_INFORMATION SHOWN_
◆ ◆ ◆ ◆ ◆
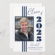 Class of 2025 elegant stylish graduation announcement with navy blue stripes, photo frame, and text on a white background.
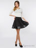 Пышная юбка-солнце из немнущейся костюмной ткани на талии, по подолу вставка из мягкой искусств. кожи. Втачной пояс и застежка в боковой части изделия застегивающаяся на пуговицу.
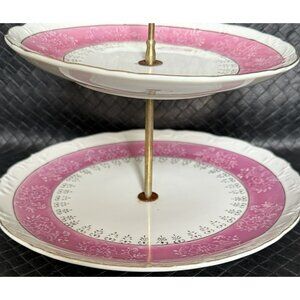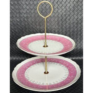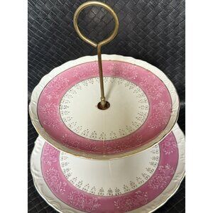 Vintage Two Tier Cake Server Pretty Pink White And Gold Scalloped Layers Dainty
◆ ◆ ◆ ◆ ◆
Since the pictures are not wanted, give the material again exactly without them.

_ANSWER BELOW_
 Class of 2025 elegant stylish graduation announcement with navy blue stripes, photo frame, and text on a white background.
 Пышная юбка-солнце из немнущейся костюмной ткани на талии, по подолу вставка из мягкой искусств. кожи. Втачной пояс и застежка в боковой части изделия застегивающаяся на пуговицу.
 Vintage Two Tier Cake Server Pretty Pink White And Gold Scalloped Layers Dainty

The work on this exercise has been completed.